Siegel has repeatedly ridden with President George W. Bush in his Warrior 100k annual three-day mountain bike ride, where they discussed the role of endurance exercise in healing physical wounds
and behavioral challenges.

In 2018, Barbara Bush entered hospice after ceasing aggressive treatment for lung and heart disease. Siegel said her choice showed "fortitude [and] courage." Similarly, when President Carter entered hospice care in 2023, Siegel discussed the legacy left by Carter as well as the opportunity to educate the public regarding palliative care.

===Mind-body connection and healing===
The mind-body problem refers to the challenge of reconciling neuro-physiology and consciousness in the human mind and brain. In The Inner Pulse: Unlocking the Secret Code of Sickness and Health (2011), Siegel describes medical miracles and posits a perceptible but ineffable and immeasurable "essential life force" "where the physical and the spiritual combine," advising readers to engage in practices to strengthen and focus it for use in overcoming disease and healing. It was reviewed in Publishers Weekly as "an intriguing approach to the mind/body conundrum."

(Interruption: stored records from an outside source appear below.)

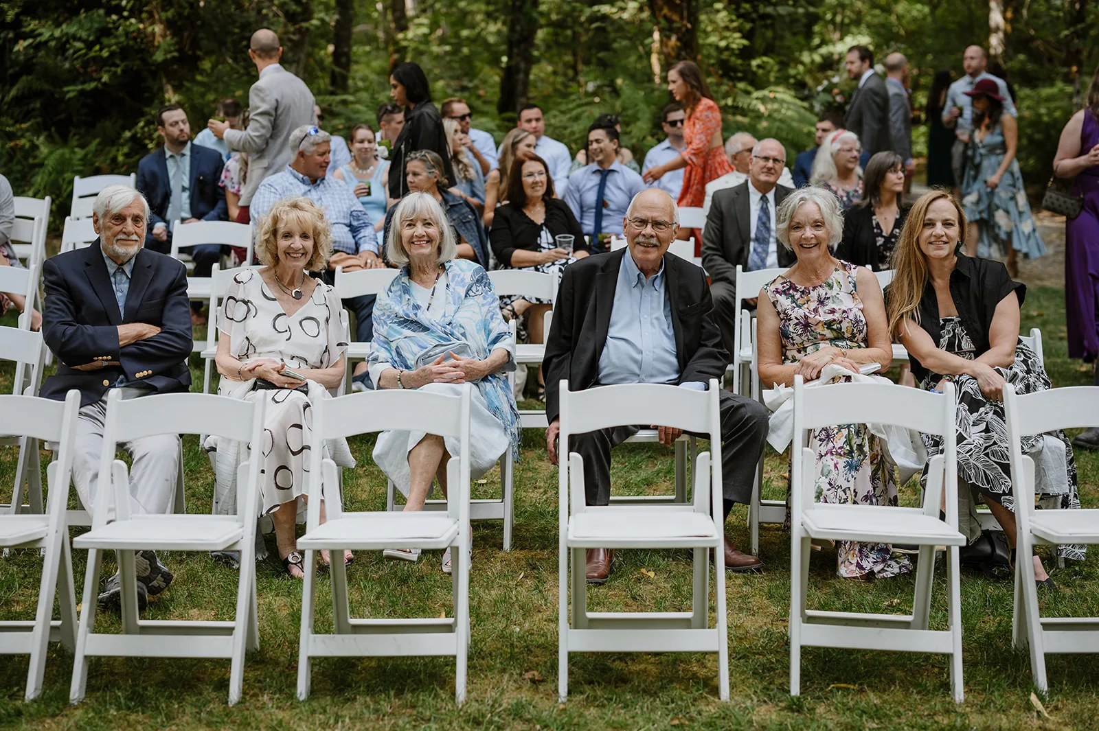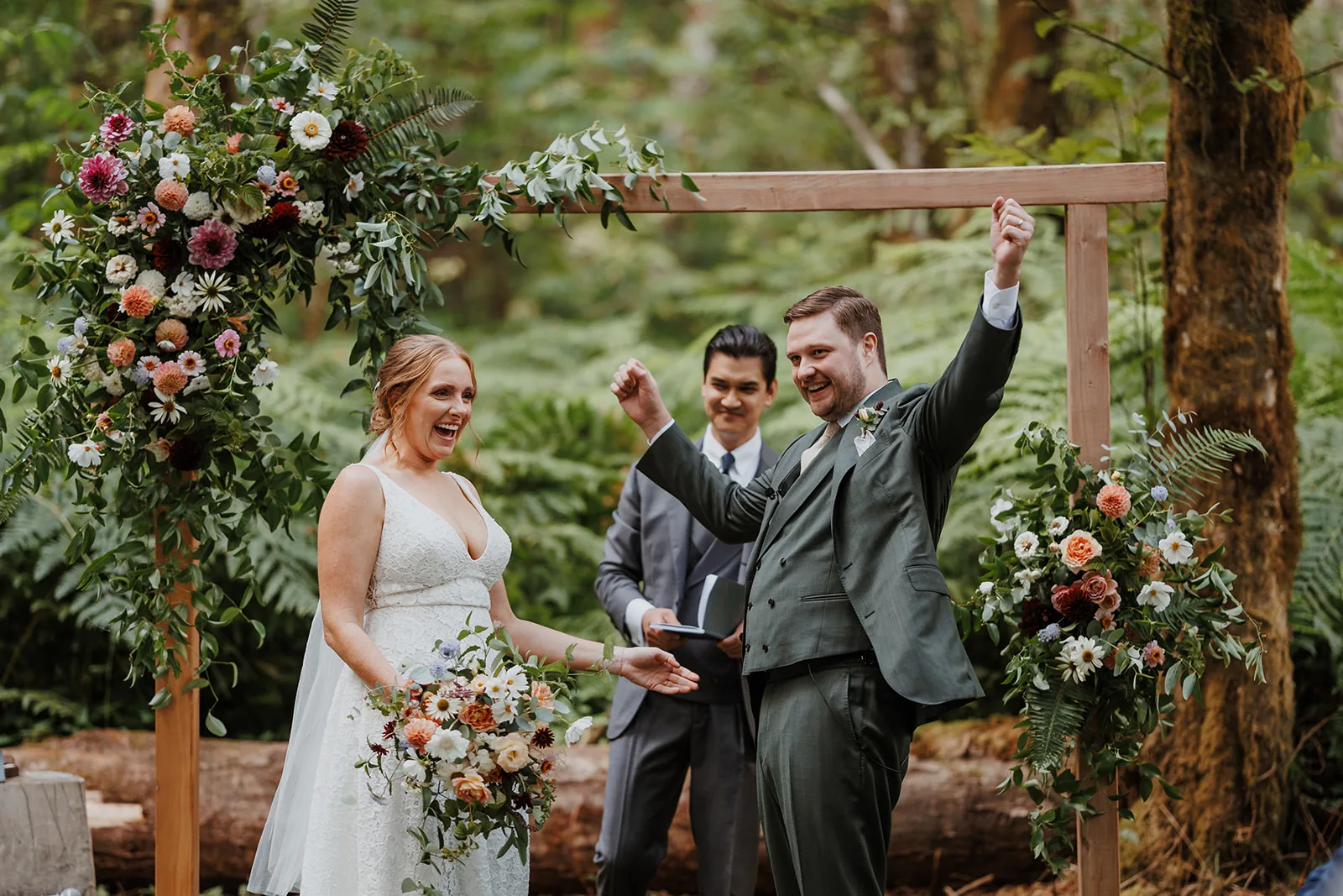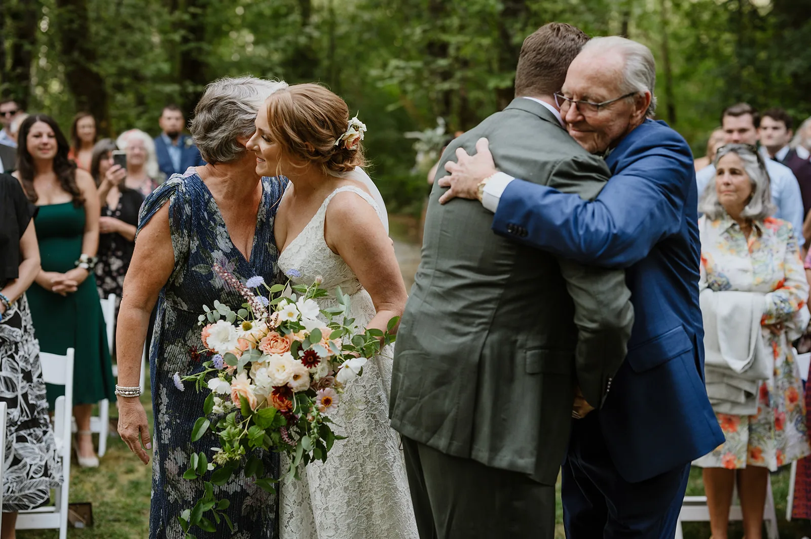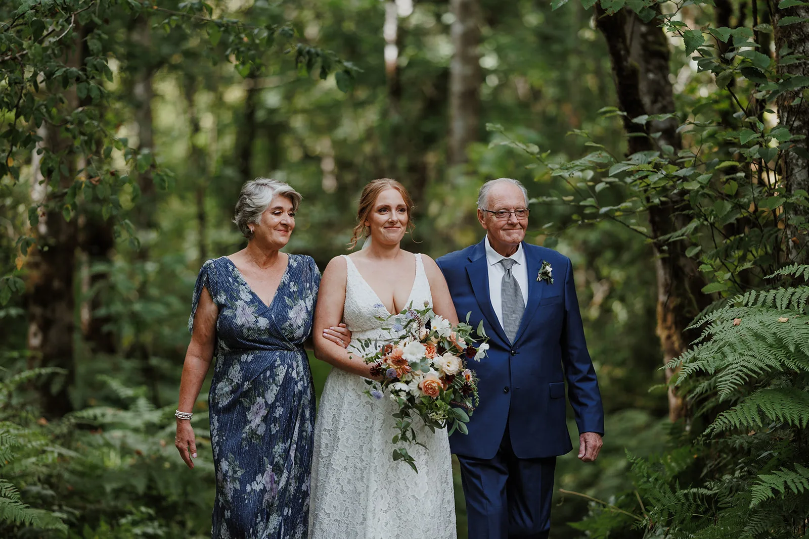 One of my favorite parts about capturing a wedding at Carson Creek Estate is the intimate, almost magical feel of the ceremony space. After cocktail hour, guests walked along a gently winding woodland path, enveloped by towering trees and lush greenery, toward the ceremony site. This forest hollow area is one of the venue’s most unique features, offering a natural and enchanting backdrop for exchanging vows.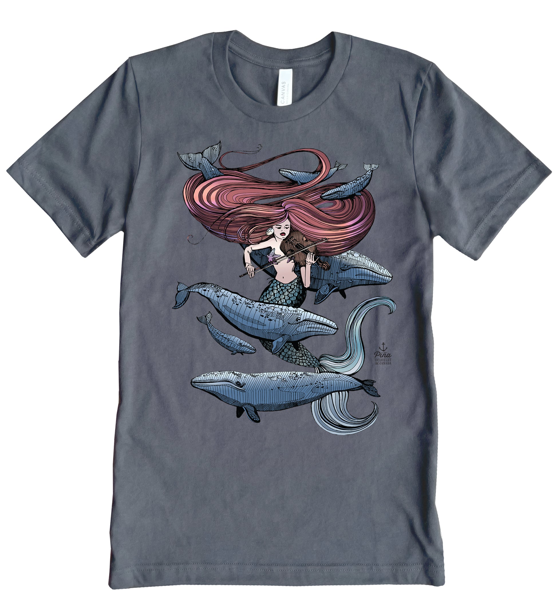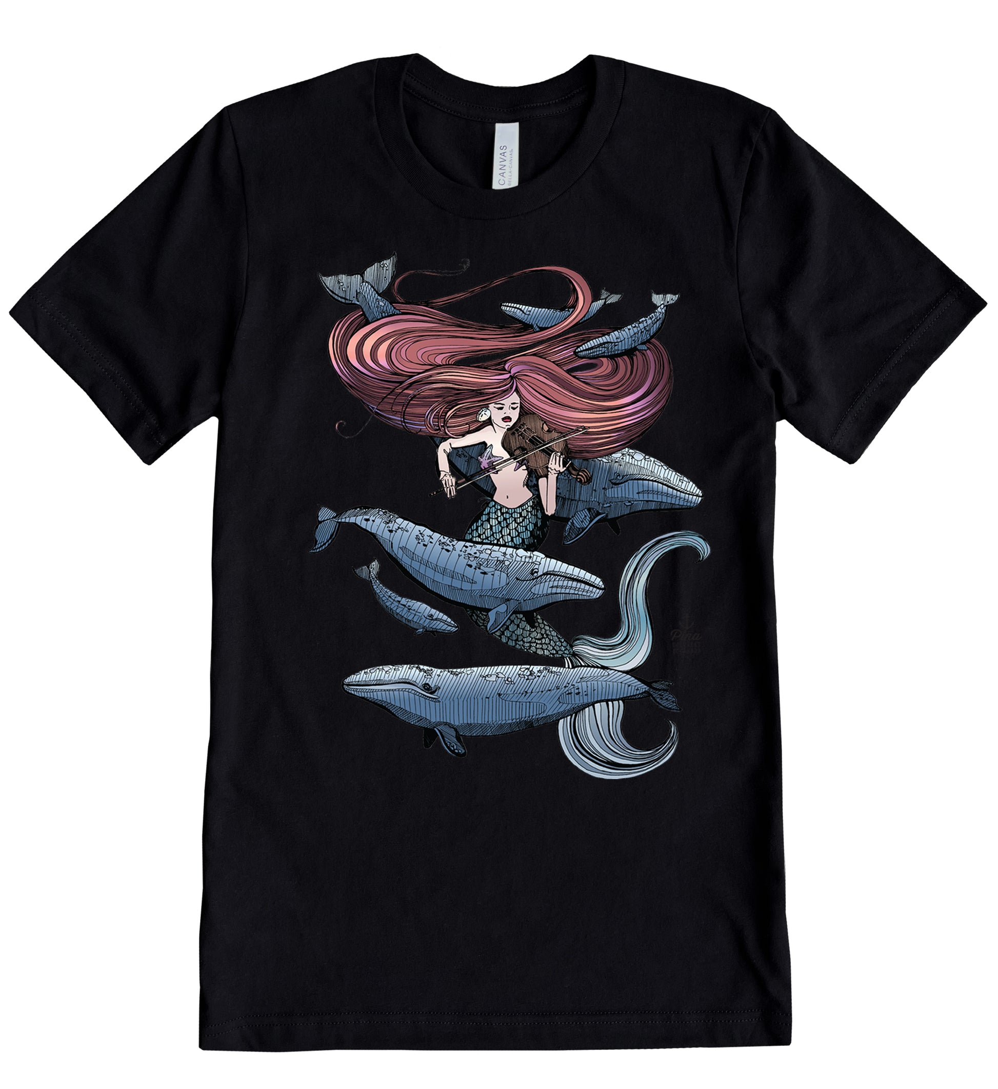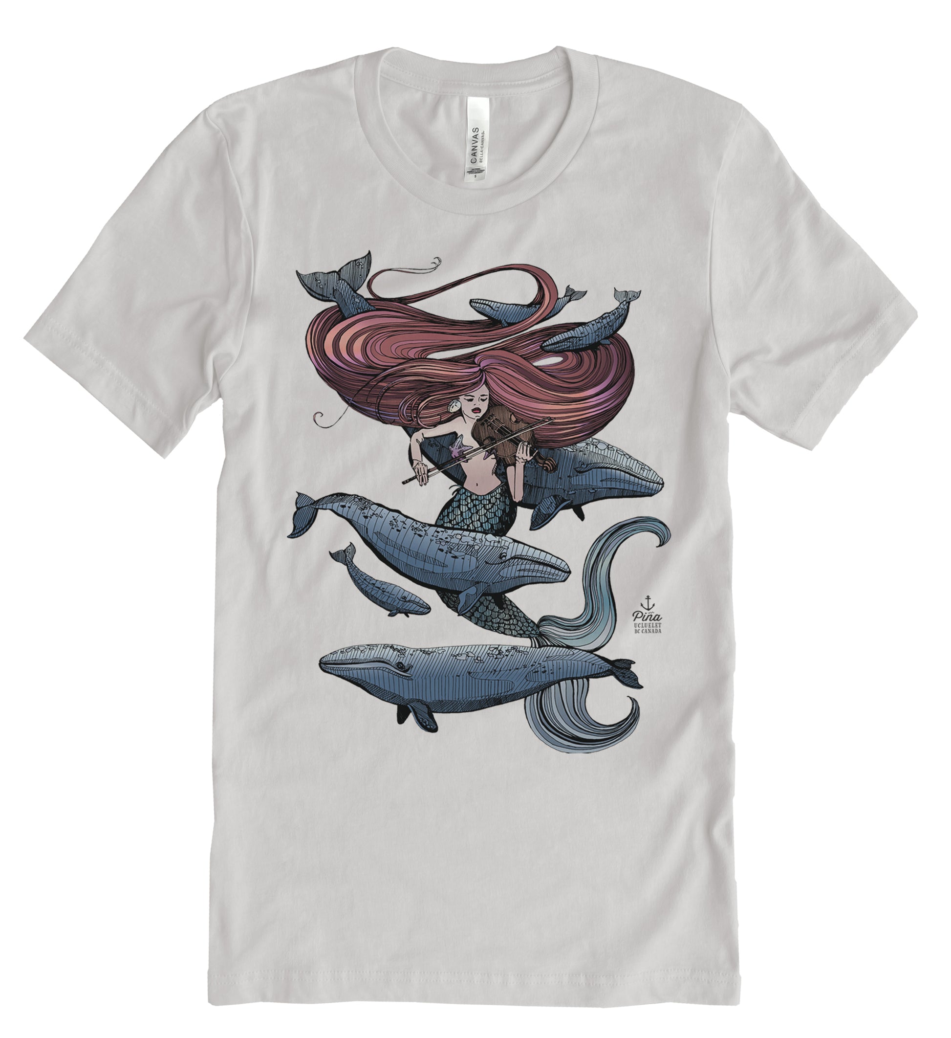 Our Mermaid Fiddling design printed in full colour on the front of a unisex, cotton jersey t-shirt.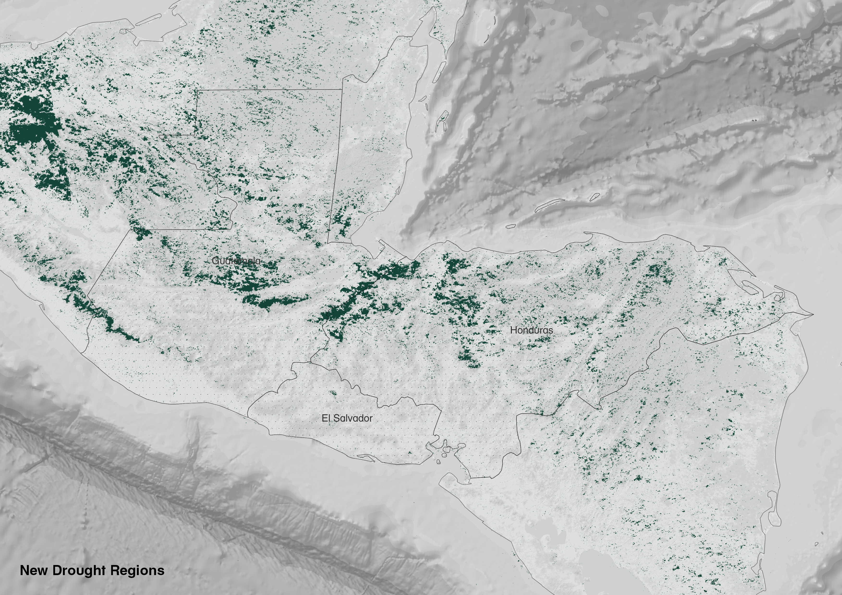 The map shows the new drought regions in the Northern Triangle in the last five years. Data Source: ARCGIS Increased_Drought_Regions (Map Service)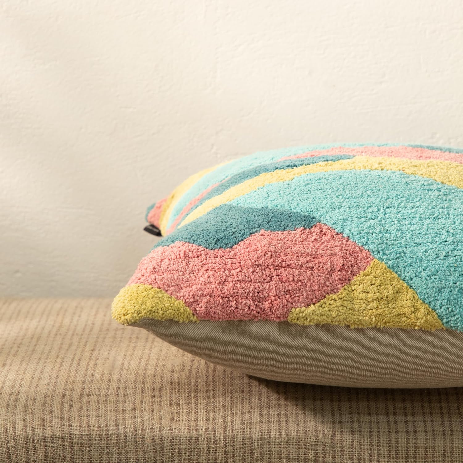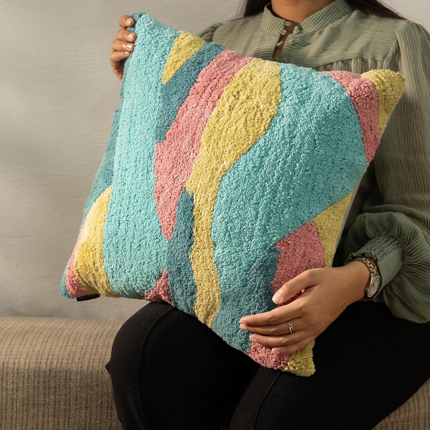 - Vibrant Colors: This throw pillow cover features a captivating design with bold stripes in shades of yellow, green, gray, and pink.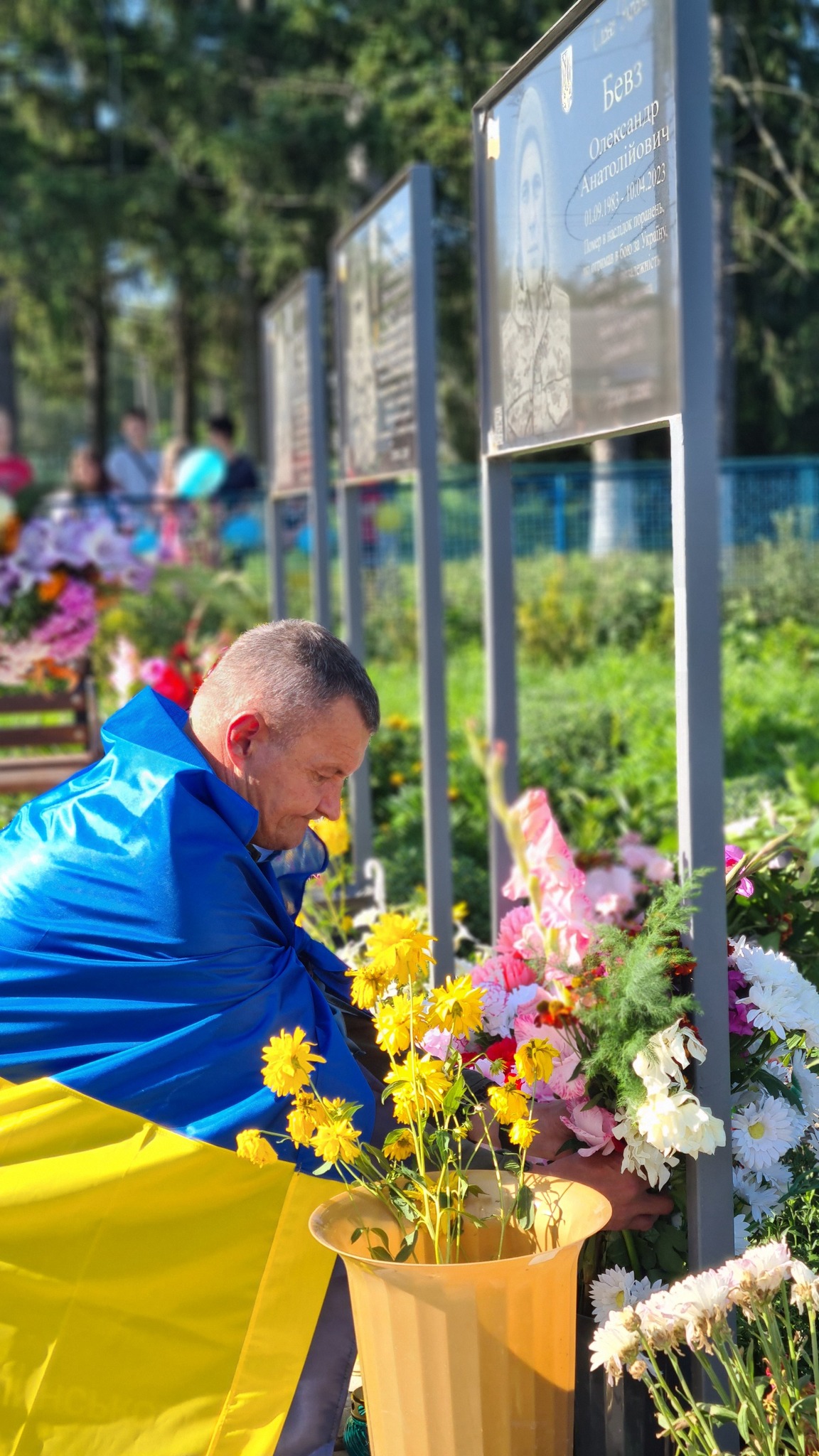 Іван Дмитрович поклав квіти і лампадки до меморіальних дошок своїх односельців, які повернулися додому на щиті – Олександра КОВАЛЬЧУКА, Олександра КОЛІШКА, Олександра БЕВЗА та Валерія НІКІТІНА. Пам’ять Героїв вшанували хвилиною мовчання.

===Host of Doctor Radio Reports on SiriusXM===
Siegel has hosted the SiriusXM radio show Doctor Radio Reports twice a week since March 2020, focusing on the impact of the COVID-19 pandemic and the efficacy of public health efforts to neutralize it. He is the medical director of Doctor Radio.

=== Teen Pregnancy ===
Siegel appeared on Fox News and suggested the decline in teen pregnancies is a problem because it is having a negative impact on the US birth rate. He claimed “the problem is teens and young adults from ages 15 to 19, the fertility rate is down 7 percent, and it’s down 70 percent over the last two decades, meaning we’re telling people that are young not to have babies, to wait until they’re in a more stable life situation, until they’re more financially secure. Maybe they haven’t found the right partner.”

==Personal life==
Siegel was born on June 15, 1956, in New York City. He is married to Ludmilla Luda Siegel, who is a physician and neurologist. They have three children.

Siegel is Jewish and cites the Oath of Maimonides as a medical ethics influence.